How would I chi-squared test these simple results from A/B experiment?

Question

I have results from an A/B experiment where users could do one of three things: Watch, Interact, or Nothing

My data is like this:

   Watch  | Nothing | Interact
A: 327445 | 271602  | 744702
B: 376455 | 140737  | 818204  

I tried to use the chisquared test bundled with scipy. I'm completely new to data science, but I believe this is the evaluation metric I would want.

scipy.stats.chisquare([ [327445, 271602, 744702], [376455, 140737, 818204] ])
Power_divergenceResult(statistic=array([  3412.38826538,  41532.93339946,   3456.72996585]), pvalue=array([ 0.,  0.,  0.]))

This does not look like a valid result...

I even tried adding an expected frequencies options, but without success. Maybe I'm missing something, either about evaluating this type of data or just not using scipy correctly. Can anyone help me?

Answer 1

If what you're trying to answer is if the action taken by a user (watch, interact, nothing) is influenced by the group they are in (A or B) you can use the chi2 test of independence.

For that you can use the scipy.stats.chi2_contingency function:

a = [327445, 271602, 744702]
b = [376455, 140737, 818204]

chi2, pvalue, _, _ = scipy.stats.chi2_contingency([a, b])

In this case it returns a chi2 test statistic of 48376.48 and a p-value of 0.0, so the null hypothesis ("action is independent of group") is rejected.

You can also use the scipy.stats.chisquare function to arrive at the same results, but other than with the chi2_contingency function you'll have to calculate the "expected frequencies" yourself.

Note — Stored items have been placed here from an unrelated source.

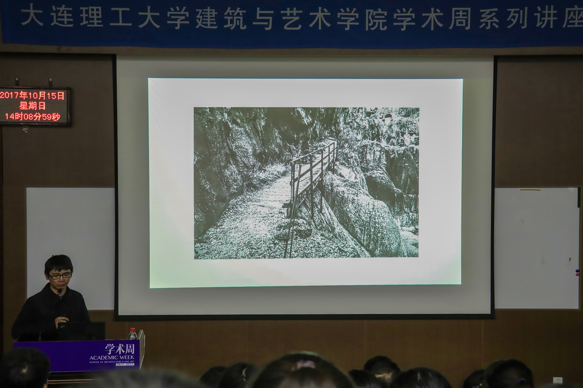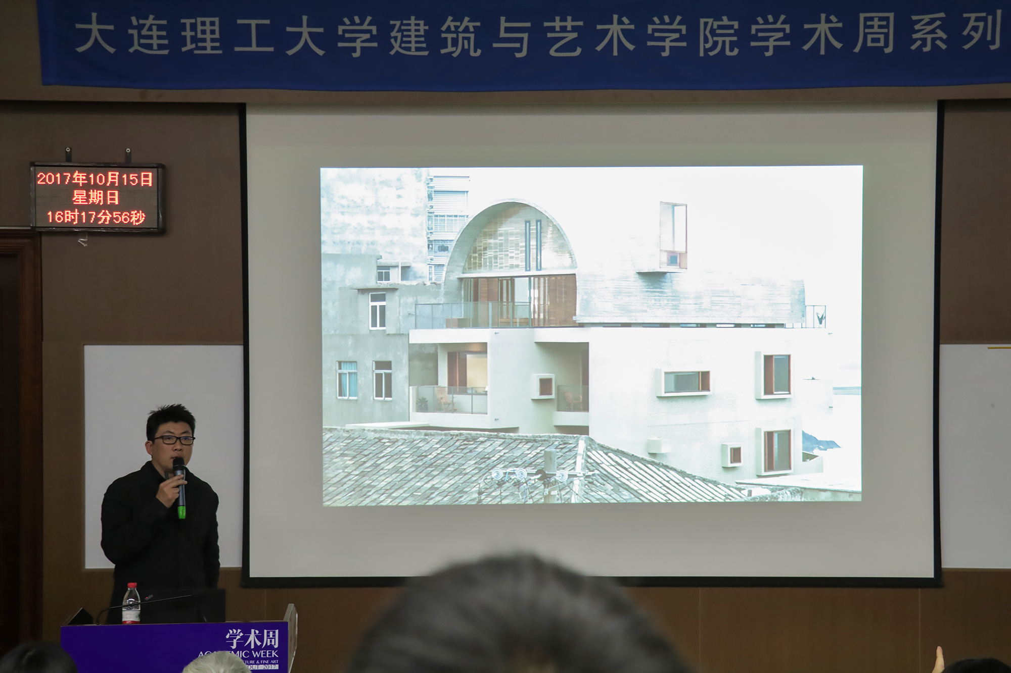 10月15日下午两点,大工建艺学院学术周活动有幸分别邀请到董功先生和郭廖辉先生,分别以“介入•共生”和“彼得•卒姆托建造中”为主题在二馆309教室顺利开展讲座。讲座由建艺学院范悦院长主持,现场座无虚席,大连市建筑行业同仁及众多建艺师生慕名前来参加讲座。
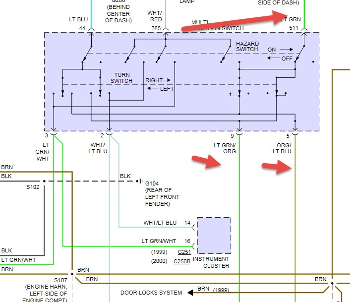 it may be the multi function switch on column check to see if brake switch sends power then goes out of it. see pic for what wires to check
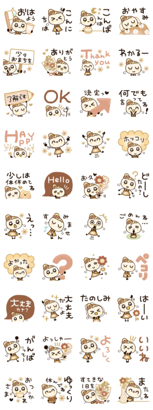 ほぺ美ちゃんシリーズ♡ブラウンを基調とした、大人っぽくてキュートなスタンプです♡毎日使える/小さな幸せ/感謝あさごぱん より発売
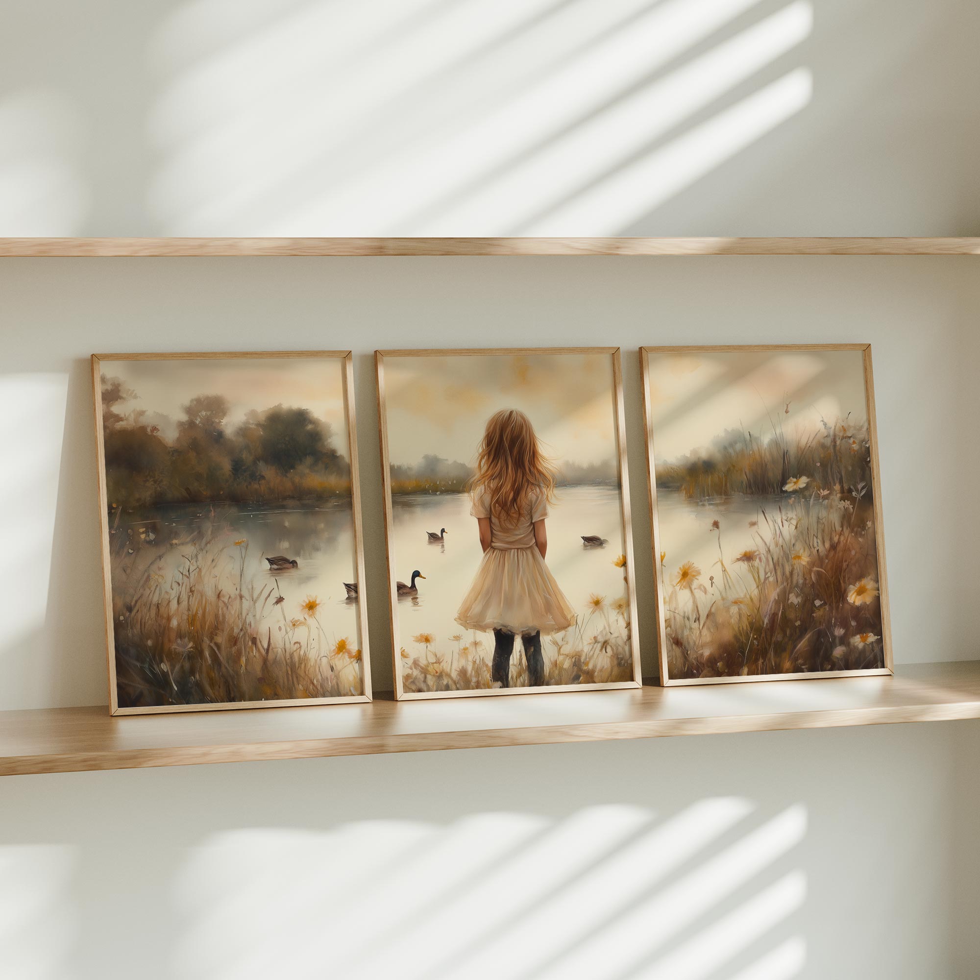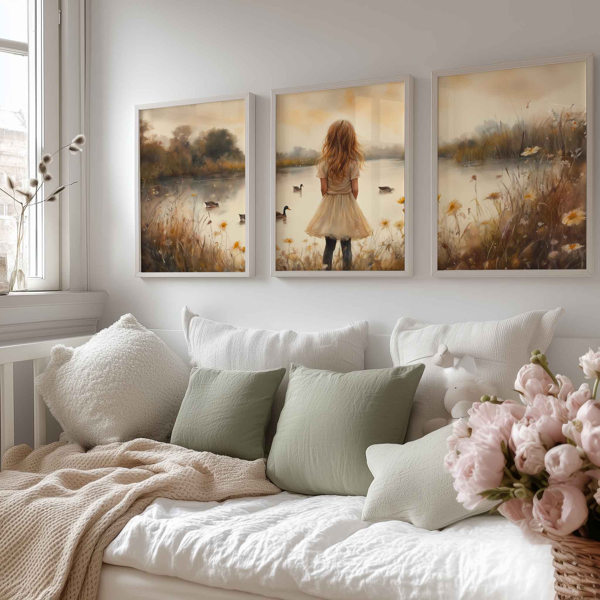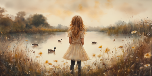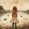 Dromerig Meisje bij het Meer – Tranquilliteit in Pastel

The data you have recorded are your observed frequencies:

obs = np.array([a, b]).astype(float)

(Note that I converted the numbers to float, as the chisquare function will run into some weird integer overflows otherwise...!?)

The expected frequencies are calculated like that:

exp = np.outer(obs.sum(axis=1), obs.sum(axis=0)) / obs.sum()

Finally, calling

chi2, pvalue = scipy.stats.chisquare(obs.ravel(), exp.ravel(), ddof=sum(obs.shape)-2)

returns the same chi2 test statistic and p-value as before.